Paging in OS

What is Paging in Operating System?

Paging is a technique that divides memory into fixed-sized blocks. The main memory is divided into blocks known as Frames and the logical memory is divided into blocks known as Pages. Paging requires extra time for the address conversion, so we use a special hardware cache memory known as TLB.

This concept of Paging in OS includes dividing each process in the form of pages of equal size and also, the main memory is divided in the form of frames of fixed size. Now, each page of the process when retrieved into the main memory, is stored in one frame of the memory, and hence, it is also important to have the pages and frames of equal size for mapping and maximum utilization of the memory.
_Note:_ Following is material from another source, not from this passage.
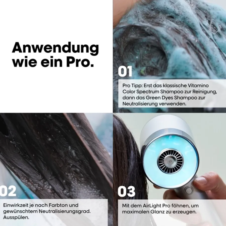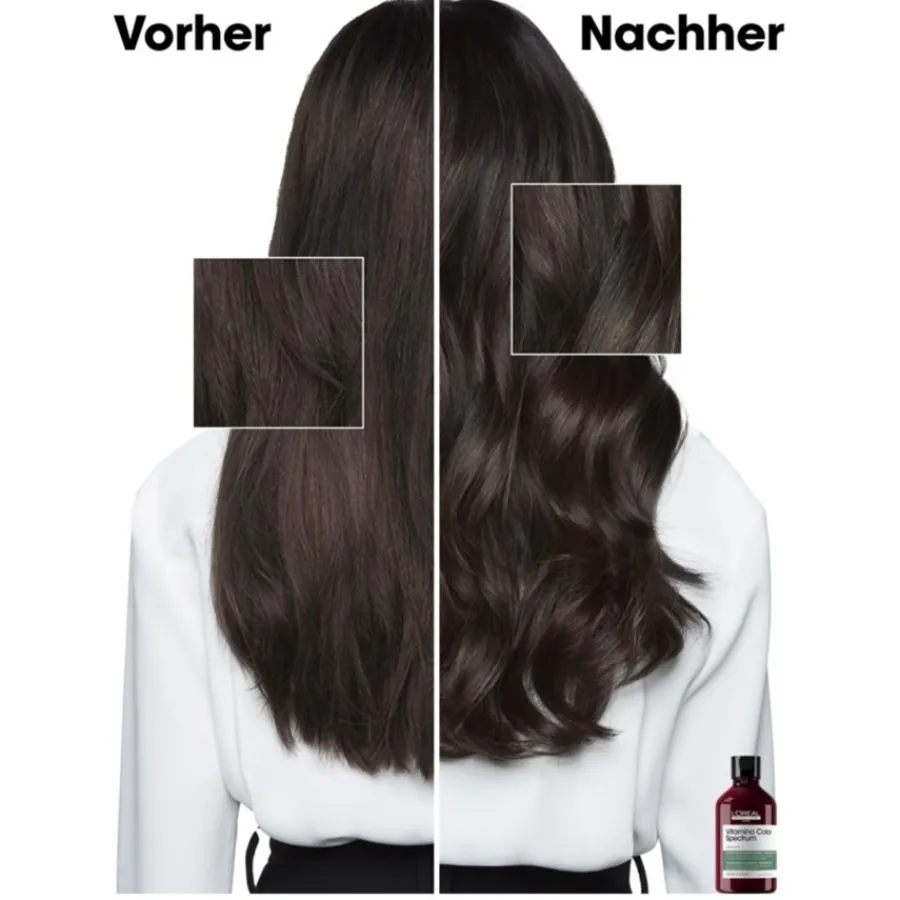 Het verzorgingsproduct uit de Expert Vitamino Color Spectrum-lijn, dat geschikt is voor alle haartypes, moet twee tot vijf minuten op nat haar worden aangebracht. De vegan hair care van het cosmeticahuis L’Oréal Professionnel Paris kan daarna worden uitgespoeld met veel water. Zelfs gekleurd en chemisch behandeld haar kan baat hebben bij een reiniging met de Green Dyes Neutralizing Shampoo uit het Expert Vitamino Color Spectrum assortiment. Dit haarverzorgingsproduct beschermt je haarkleur gedurende vele dagen.

Its main advantage is that the pages can be stored at different locations of the memory and not necessarily in a contiguous manner, though priority is always set to firstly find the contiguous frames for allocating the pages.

If a process has n pages in the secondary memory then there must be n frames available in the main memory for mapping.

Example to understand Paging in OS

CASE-1 (Contiguous Allocation of Pages)

As we can see in the above image, we have main memory divided into 16 frames of the size of 1KB each. Also, there are 4 processes available in the secondary (local) memory: P1, P2, P3, and P4 of a size of 4KB each. Clearly, each process needs to be further subdivided into pages of size of 1KB each, so that one page can be easily mapped to one frame of the main memory. This divides each process into 4 pages and the total for 4 processes gives 16 pages of 1KB each. Initially, all the frames were empty and therefore, pages will be allocated here in a contiguous manner.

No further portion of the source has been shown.